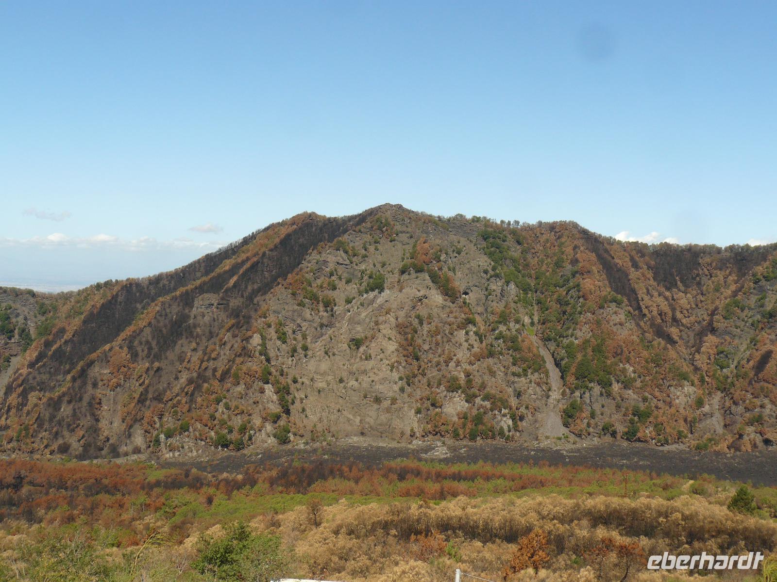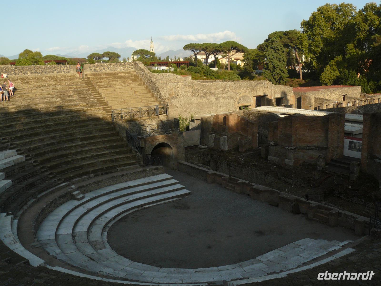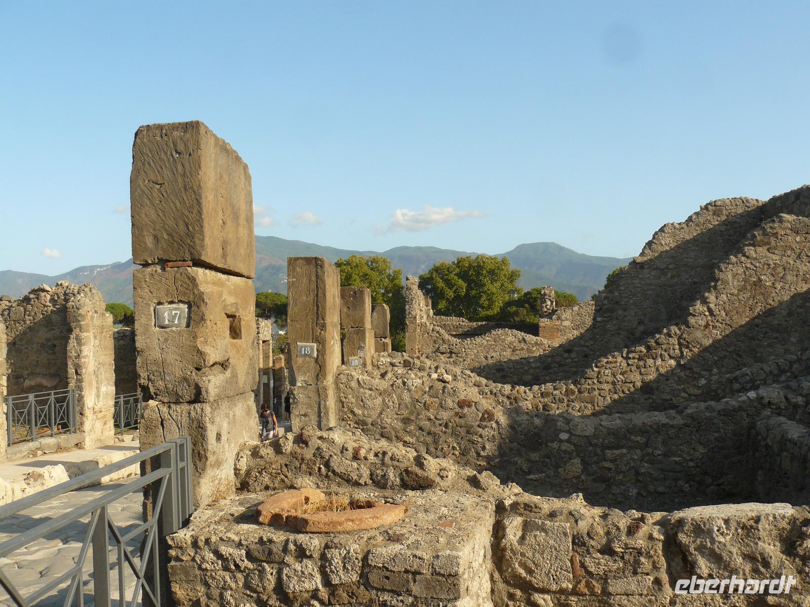 Fröhlich starteten wir am Morgen bei schönem Wetter in Richtung Neapel. Bei Torre del Greco verließen wir die Autobahn und wenig später quälte sich der Bus zwischen erstarrter Lava und verbrannten Pinien aufwärts. 10 Tage lang hatten die Hänge des Vesuvs lichterloh gebrannt im Sommer 2017. Und das war erst wenige Wochen her. Um so erstaunlicher war es, dass hier schon wieder grüne Zweige zwischen den verbrannten Bäumen herauswuchsen. Die Landschaft wirkte eher herbstlich als trostlos. Und es gibt eine freudige Neuigkeit zu berichten: das Toilettenproblem auf dem Berg war wieder gelöst! Im Frühjahr hatte es mich mit einer anderen Gruppe kalt erwischt. Ja ich weiß, Reiseleiter sind sonderbare Menschen - sie freuen sich über neue Dixi-Toiletten... Oben hatten wir bei blauem Himmel eine sehr schöne Aussicht. Uns zu Füßen erstreckte sich die Küstenebene von Neapel bis Pompeji, dahinter das Meer. Und unser lokaler Vulkanführer berichtete uns Interessantes. Ein letzter Blick, und es ging wieder abwärts. Nun fuhren wir um den Vulkan herum. Wir landeten mitten in den Weinbergen und vergnügten uns bei einer Weinprobe. Und dazu gab es wieder etwas Leckeres zu Essen. Am Nachmittag fuhren wir dann beschwingt weiter in Richtung Pompeji. Dort erwartete uns Alfonso. „Denk daran, wir kommen gerade von der Weinprobe", warnte ich ihn vor. Und das ließ Alfonso sich nicht zweimal sagen. Er hatte seinen Spaß mit uns und wir mit ihm. Aber ganz nebenbei erklärte und zeigte er uns sehr viel. Thermen, Tempel, Märkte, Gerichtsgebäude und ein Lupanarium. „Gretchen, folge mir..." Ich gehorchte, was blieb mir schon anderes übrig?? Alfonso brachte uns ins Theater und nun mussten wir singen. Zwei kleine Italiener, die träumen von Napoli, von Tina und Marina, die warten schon lang auf sie.... Das schafften wir noch ganz locker. Dann aber folgte: volare oho, cantare ohoho, nel blu dipinto di blu - ja der Himmel war nun blitzblau. So hatten wir uns das vorgestellt. Und Alfonso half uns über die schwierigen Textstellen hinweg. Mit vielen Bildern und Geschichten im Kopf, von Gladiatoren, die die Geliebten reicher Frauen waren, von Karren mit großen Rädern, die sich um ungewöhnlich hohe Zebrastreifen herumkämpften, von tragischen Gipsfiguren, von Fisch- und Fleischmärkten und nicht zuletzt von Männern, die sich auf steinharten Lagern niederließen um Dienstleistungen der besonderen Art käuflich zu erwerben, verließen wir Pompeji und fuhren unter einem blauen Himmel zum blauen Meer. Und über all dem steht bis heute der Vesuv, äußerlich ruhig, innerlich kochend. Wir ließen die blaue Bucht hinter uns und überquerten auf langen Serpentinen die Milchberge Monte Lateri und tauchten erneut in Blau ein - bei Maiori erreichten wir wieder das Meer. Am Abend erwartete uns im Hotel dann natürlich wieder ein herrliches italinisches Essen.
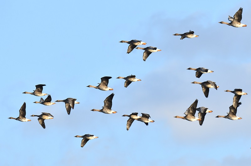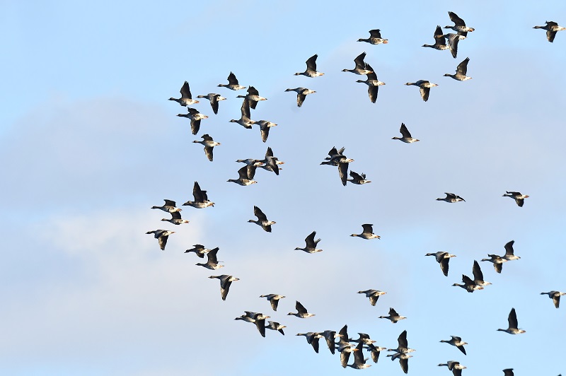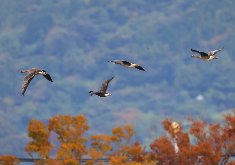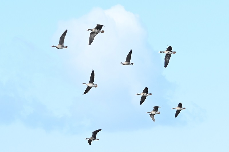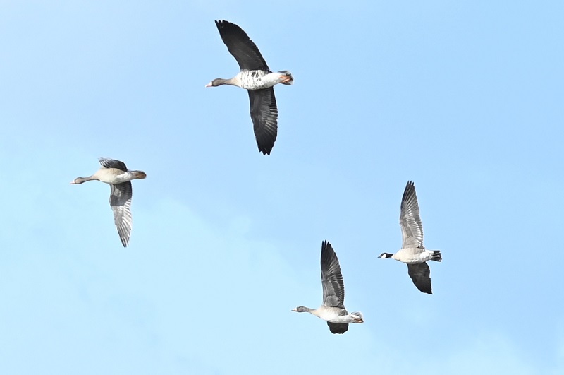 マガンの中に1羽のシジュウカラガンが一緒に飛んでました
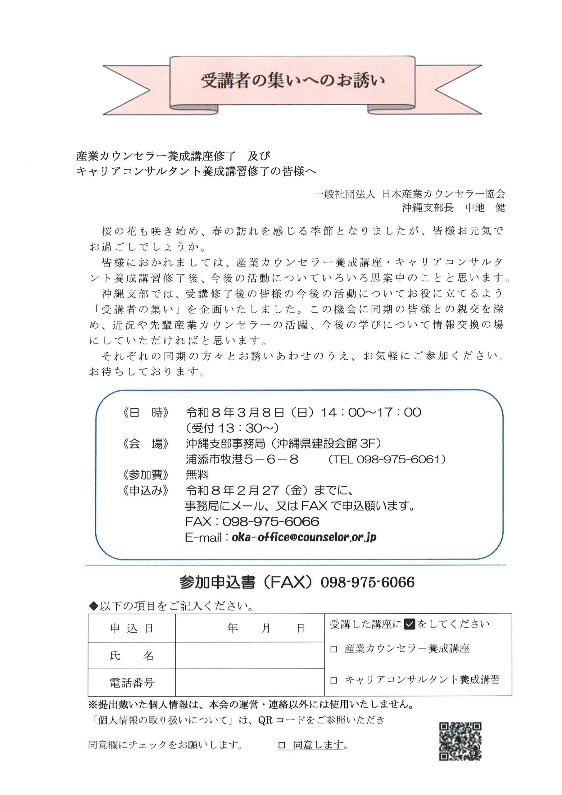 FAXでのお申込みはこちら ☞ 受講者集いへのお誘い
__________
Task objective — Please reproduce the lines above from the one containing "マガンの中に1羽のシジュウカラガンが一緒に飛んでました" through the final line, exactly and inclusively, leaving out each picture.

Result for this task —
 マガンの中に1羽のシジュウカラガンが一緒に飛んでました
 FAXでのお申込みはこちら ☞ 受講者集いへのお誘い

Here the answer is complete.